Perlindungan data pribadi yang dilakukan oleh facebook selaku penyelenggara


sistem elektronik dalam hal tertentu dirasa cukup baik, namun terdapat beberapa saran
yang mungkin dapat menyempurnakan perlindungan tersebut yaitu sebagai berikut.
1. Facebook harus meningkatkan kepercayaan penggunanya melalui peningkatan
perlindungan data pribadi sehingga tidak mudah disalahgunakan secara ilegal.

2. Pemerintah harus menyikapi kasus tersebut secara tegas sehingga tidak terjadi lagi
masalah penyalahgunaan data pengguna di media sosial.
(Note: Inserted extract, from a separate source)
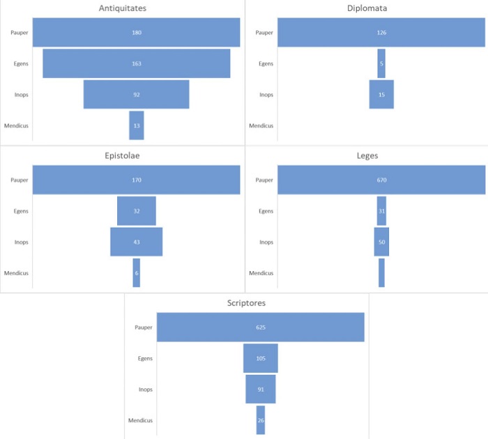 A distribuição dos termos também é outra questão que chama a atenção. A palavra-forma pauper é preponderante em todos os conjuntos documentais, com egens e inops se revezando como segundo ou terceiro colocados em número de ocorrências. No entanto, embora a palavra-forma egens seja a segunda mais frequente na documentação, somente na seção Antiquitates e Scriptores isso se confirma. Nas seções Diplomata, Epistolae e Leges, esse lugar é ocupado pela palavra-forma inops. A preponderância de inops em documentos de ordem normativa, como os conjuntos de leis e diplomas, representaria algum sentido específico? Já a preponderância de egens junto à seção Antiquitates, que abriga, entre outras coisas, os poemas dos tempos carolíngios e otonianos, representaria a presença dos modelos poéticos da Antiguidade, referência para as cortes carolíngia e otoniana?

Serta pemerintah perlu
mengadakan perjanjian bilateral mengenai informasi dan transaksi elektronik, dengan
negara asal dari situs yang banyak diakses oleh masyarakat Indonesia, khususnya media
sosial seperti facebook.

3. Masyarakat harus lebih memperhatikan tingkat keamanan pada akun pribadinya dengan
menggunakan secara baik item-item dalam mengatasi tindakan pelanggaran privasi dalam
facebook.

Daftar Pustaka

Altman, I. (1975). Environtment and Social Behaviour: Privacy, Personal Space, Territory, and
Crowding. Belmont, CA: Wadsworth Publishing.
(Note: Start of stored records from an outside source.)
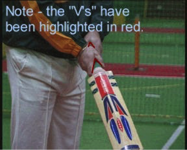 While gripping a bat formation of 'V' is very important. See the PICTURE on your right: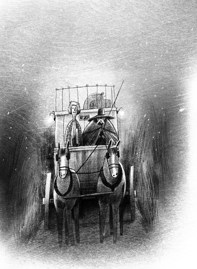 На миг он онемел, потом вскочил на козлы к кучеру, который сидел в ожидании, закутанный в просторный черный плащ. Парень что-то ему сказал, и кучер обернулся и уставился на меня. Он был очень стар. Морщины, глубокие, как овраги, прорезали его лицо. Парень и кучер еще немного поговорили между собой. Я гадала, что бы могло означать это тайное совещание. Что они там обсуждают? И почему старик всматривается в меня с таким любопытством? В конце концов парень соскочил с козел: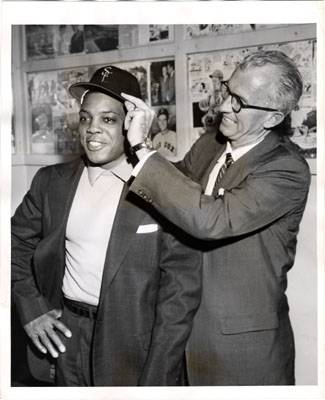 Manager Bill Rigney fits new San Francisco Giants cap on his star centerfielder, Willie Mays.

Anonim. (2017, Februari 6). Hak Privasi dan Kontroversi Penyadapan. Retrieved from
Viva.co.id: http://nasional.news.viva.co.id/

Daniel J. Solove. (2006). A Brief History of Information Privacy Law in Proskauer On Privacy.
PLI.

Mahar, M. I. (2018, April 16). Pemerintah Wajib Lindung Privasi Warga Negara. Retrieved
from Kompas Politik & Hukum: www.kompas.com

Lee, M. & Johnson, C. (2007). Prinsip-prinsip periklanan dalam perspektif global. Jakarta,
Indonesia: Kencana.

Sebayang, R. (2018, Maret 28). Pelanggaran Privasi, Pengguna Kembali Tuntut Facebook.
Retrieved from CNBC Indonesia: www.cnbcindonesia.com

Petronio, S. (2002). Boundaries of Privacy: Dialectics of Disclosure. USA: State University of


New York

Prabowo, Hendro. (1998). Pengantar Psikologi Lingkungan. Jakarta: Gunadarma


Pojok Teori, Jurnal Komunikasi, CPM oleh Antar Venus

Westin, A. (1967). Privacy and freedom. New York: Atheneum

West, Richard. & Turner, Lynn.H. (2008) Pengantar teori komunikasi : Analisi dan Aplikasi.